The following case will be used to illustrate how the perspectives and visions of reality might
be integratively applied in an actual clinical situation, reflecting a way in which I now think
about my patients.

The Visions Applied to a Case of Bipolar Disorder With Social Anxiety


and Obsessive-Compulsive Symptoms
When D came to see me he was single, 19 years old, and a college student who had recently spent
2 weeks in a psychiatric hospital after a manic episode. Among other irrational and dangerous
behaviors, he had been driving on a highway at breakneck speed and was apprehended by the
police, and ended up being hospitalized. He had to drop out of a college, which was situated in
a different state, and move home. He subsequently registered in a university closer to home and
where I practice. I have been seeing him for over 20 years, at first once or twice a week, and now,
for the last several years, once every 2 weeks. The therapy has been a mixture of psychodynamic
exploration with supportive and cognitive-behavioral features.
1110 Journal of Clinical Psychology: In Session, November 2015

The tragic vision in D’s therapy. How did I view D’s situation and conduct the therapy
from the angle of the tragic vision? This vision highlights the irreversible features of D’s life. He
is stuck with a mental illness that, while amenable to improvement, usually afflicts the bearer
throughout life, at times with dire consequences.
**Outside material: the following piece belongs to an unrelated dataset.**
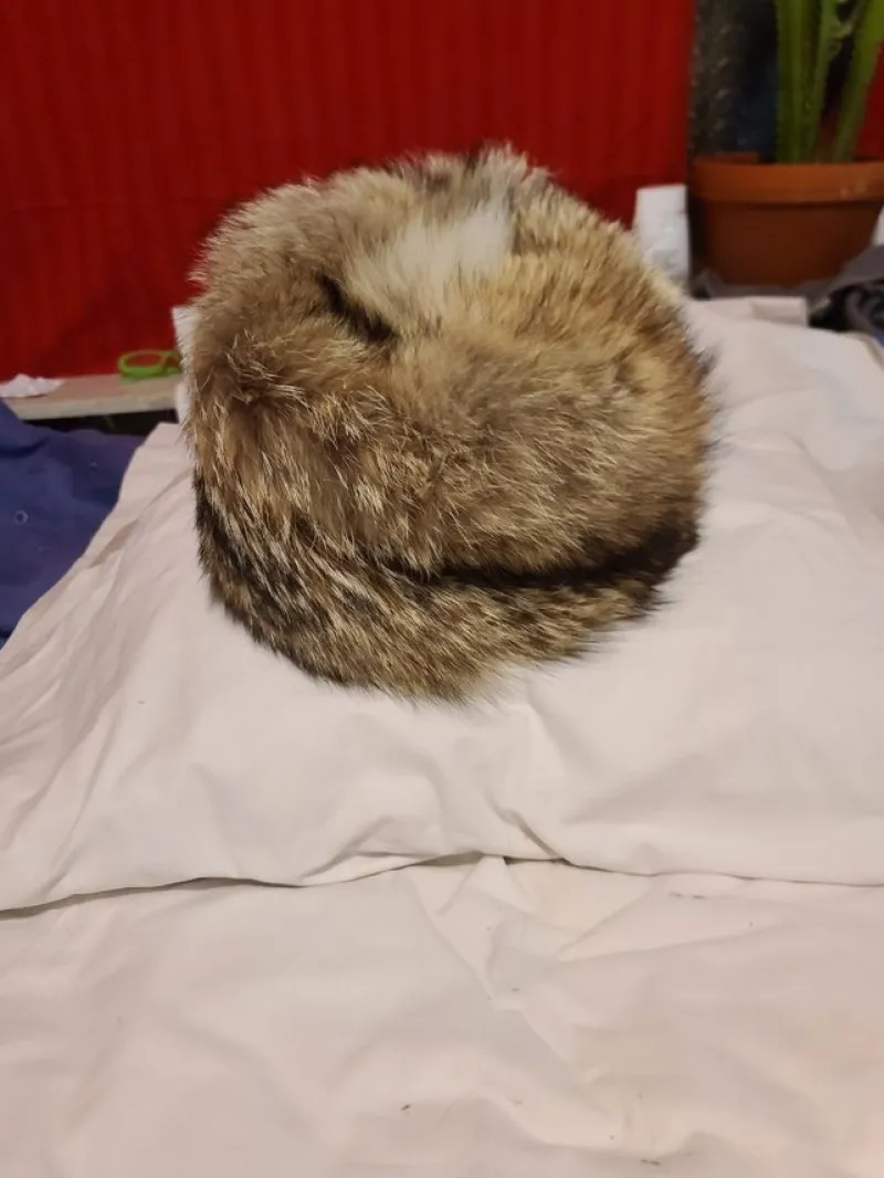 Söt och mysig varg pälsmössa i brunt och beige. Mössan är rund och fluffig med en lång pälskant. Märkt med 'Alvsjö Modeffar' och telefonnummer. Perfekt för kalla vinterdagar.

He often comments on how it was bad luck
that he ended up with his disorder, and complains about the fact that it makes life much harder
for him. For example, in the past he has gotten into trouble by acting in a high-handed way,
a not infrequent narcissistic quality accompanying this diagnosis. In his case, the disorder also
comes with a high degree of social anxiety, irritability, and obsessive–compulsive traits such as
a strong compulsion for neatness, structure, and order, and a frequent need to check that he has
not left the stove on or the water running before leaving his house.
From the point of view of process and technique, the tragic view calls for exploration and re-
flection, which are elements of psychoanalytic and humanistic therapies in particular. Therapists
recognize the universal nature of the anxieties and mood swings of the kind that D faces and
respond empathically based on tragic themes in their own lives. In terms of the perspectives on
reality, understanding and treating them requires, in part, an introspective and subjective stance
with a strong internal focus, which has been an important emphasis in my therapy with D.
In terms of outcomes, the tragic vision stresses the limitations brought on by his mental
illness. One can expect occasional exacerbations or even reversals, which D has experienced, and
ongoing struggle with his issues, albeit to a lesser degree. One can’t expect a straight line forward
or a complete cure, nor has there been one. As I have grown older as a therapist, and perhaps
wiser, I have come to accept such limitations in my ability to bring about thoroughgoing change
and transformation in the face of certain kinds of psychiatric disorders. However, keeping in
mind the other visions of reality can give one a more sanguine outlook than that offered by the
tragic vision alone.

The comic vision in D’s therapy. Regarding the content of D’s problems, from a comic
perspective these might be seen as ameliorable through direct action. D’s tendency at work is to
isolate himself from his fellow employees, a manifestation of his social anxiety. At home, due
to his obsessive–compulsive personality and ongoing anxieties, he tends to be overly critical of
his wife for not keeping the house sufficiently tidy despite her having a full-time job and young
children to raise. How can the comic vision help here?
With respect to technique, one can approach D’s problems with a sense of optimism and
can-do. For one thing, his mood can be and has been stabilized by the use of medication. Earlier
on in treatment his main medication was lithium. When that began to affect his kidneys (because
lithium is a salt), his psychiatrist switched him to a combination of Depakote and Lamictal to
stabilize his mood. For his social anxiety, he is also taking a small dose of Buspar and that has
helped as well.
Regarding his tendency to isolate himself at work and be critical of his fellow employees,
we have discussed that it is important for him to be friendlier and view his fellow employees
more sympathetically, if for no other reason than to keep his job. This has been handled through
direct advice and reframing rather than deeper exploration. And, indeed, it has helped him relate
at least somewhat better to others. Regarding his fussiness about the tidiness of his home, he
has come to realize the pressures that his wife is under and how she can’t be expected to keep
the house in immaculate condition. Although this doesn’t remove his obsessive–compulsive
symptoms entirely, it does help him to control them, as do other cognitive-behavioral techniques
I employed. As an aside, one can see the intersection here with assimilative integration.
With respect to outcomes, within the comic vision there is an ability to perform social roles
more adequately. D is now doing so with both fellow employees and his wife. Happy endings
are viewed as the norm within the comic vision insofar as problems are not merely explored and
insight attained but also directly ameliorated through action. This has helped D maintain both
his job and his marriage in a relatively harmonious and satisfactory state. In these ways, the
comic vision is an antidote to the tragic elements in his life.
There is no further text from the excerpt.